Dunedin-based family selling holiday homes worth $6.7m

One of two longtime holiday homes for sale by the Queenstown Marina. PHOTO: SUPPLIED
One of two longtime holiday homes for sale by the Queenstown Marina. PHOTO: SUPPLIED
Two of Queenstown’s best-located holiday homes - built on former New Zealand Railways land - are for sale.

They’re adjacent lake-facing properties at the western end of Sugar Lane by Frankton’s marina.

In the longtime ownership of the Warrington family, the first wooden home was built in about 1957 and the second, a Lockwood design with a stone coating, was added in about 1988.

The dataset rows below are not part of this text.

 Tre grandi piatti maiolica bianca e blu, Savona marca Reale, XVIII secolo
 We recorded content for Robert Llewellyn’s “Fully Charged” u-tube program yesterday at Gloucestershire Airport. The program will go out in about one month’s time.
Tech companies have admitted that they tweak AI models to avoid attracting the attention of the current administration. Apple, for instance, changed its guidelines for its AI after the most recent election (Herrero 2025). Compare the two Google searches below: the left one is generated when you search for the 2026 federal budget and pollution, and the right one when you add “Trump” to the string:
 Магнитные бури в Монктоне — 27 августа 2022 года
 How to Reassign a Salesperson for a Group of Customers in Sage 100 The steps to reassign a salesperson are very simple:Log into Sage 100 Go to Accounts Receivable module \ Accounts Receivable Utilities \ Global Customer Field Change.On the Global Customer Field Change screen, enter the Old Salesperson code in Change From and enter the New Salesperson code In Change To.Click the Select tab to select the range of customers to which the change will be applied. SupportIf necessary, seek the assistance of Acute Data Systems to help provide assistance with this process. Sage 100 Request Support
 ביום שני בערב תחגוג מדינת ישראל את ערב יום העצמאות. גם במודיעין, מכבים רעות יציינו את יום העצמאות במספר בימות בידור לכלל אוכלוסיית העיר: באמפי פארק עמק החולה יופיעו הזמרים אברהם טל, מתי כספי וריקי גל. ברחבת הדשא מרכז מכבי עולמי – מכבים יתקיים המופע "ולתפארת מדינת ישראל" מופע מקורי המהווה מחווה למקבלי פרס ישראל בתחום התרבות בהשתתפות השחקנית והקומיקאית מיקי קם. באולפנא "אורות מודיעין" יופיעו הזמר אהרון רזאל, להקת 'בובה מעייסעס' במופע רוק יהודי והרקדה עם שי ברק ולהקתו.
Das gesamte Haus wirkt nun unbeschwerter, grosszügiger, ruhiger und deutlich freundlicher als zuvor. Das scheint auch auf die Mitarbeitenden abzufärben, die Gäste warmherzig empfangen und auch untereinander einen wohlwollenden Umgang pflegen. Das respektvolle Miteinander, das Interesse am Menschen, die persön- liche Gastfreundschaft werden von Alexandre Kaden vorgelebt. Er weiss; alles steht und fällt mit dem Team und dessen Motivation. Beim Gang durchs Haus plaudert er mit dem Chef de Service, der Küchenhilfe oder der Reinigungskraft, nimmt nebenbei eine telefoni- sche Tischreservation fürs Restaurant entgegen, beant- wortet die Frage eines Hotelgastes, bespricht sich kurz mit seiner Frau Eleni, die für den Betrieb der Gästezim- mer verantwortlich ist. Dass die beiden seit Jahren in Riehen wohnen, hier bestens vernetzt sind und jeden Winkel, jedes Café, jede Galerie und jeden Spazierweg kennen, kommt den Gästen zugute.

Dunedin-based Donald Warrington says his dad originally leased the land from New Zealand Railways, which had an interest in nearby waterfront activities, before he got permission to buy it in 1976.

The family on-sold to council a portion of land it also owned to the east.

Warrington says they’ve had inquiries over the years about whether they’d sell, "and with the current high value of land, particularly with the marina there, we decided it was time to look at our options".

An option, he says, would be to put proceeds from a sale into a downsized holiday home.

The two sections combined are 3083 square metres with a capital valuation of $6,725,000.

They’re being listed for sale by deadline private treaty closing February 26, with parties able to buy one section or both.

Local Colliers broker Mark Simpson, who’s marketing the properties alongside colleague Rory O’Donnell, says "it’s pretty difficult to get hold of three quarters of an acre on the lakefront".

Zoned for business mixed use, "you’ve got quite a bit of leeway, it’s probably one of the broader zones".

Till now they’ve only been calling for expressions of interest, "but we’ve already had interest from a combination of developers who can see a bigger picture of anything from commercial activity to visitor accommodation, from investors who just see it as a holiday house with the ability to redevelop it, to owner-occupiers of tourism businesses because of where it’s located".

"It’ll be really interesting to see, I think it’ll be well-received and the market will tell us what it’s worth."